It demands the state to adhere its functioning to the obligation set by the international code
whether arising out of customary law or International treaties. The judicial system must be
independent of the legislative and the executive. Sentencing under criminal trial is a core
function of the judiciary and it can be assessed by referring to the old procedures where by
the judges use to decide a case purely based on factors like circumstances, degree and
severity of offence, role of the offender and more (Brown, 2017).A much credible and
rationale dealing can be seen on part of the judiciary in the case of R v O’Connor [1980]

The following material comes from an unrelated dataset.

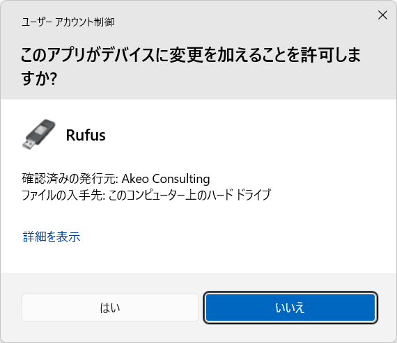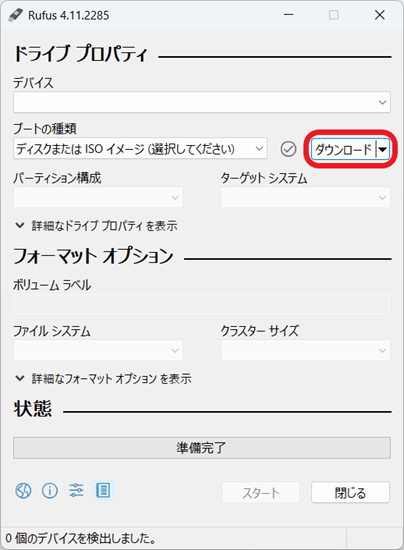 「Rufus」アプリのダウンロード手順は「「Rufus」でインストールメディアを作成する方法」を参考にしてみてください。

HCA 17 where judges looked into actions performed under intoxication and used their
effective analysis of the circumstances of the case while deciding it rather than opting for a
mandate sentencing procedure. In this case the High Court of Australia opined that in
scenarios where person is intoxicated, there exist a tendency to act and conduct oneself
differently in comparison to a sane state ultimately leading to losing control over one self.
The act performed could be voluntary but might not have been committed in a sober state.
Though intoxication cannot be counted as a defence under the law but the probability of
deterrence is more in the case of an intoxicated person.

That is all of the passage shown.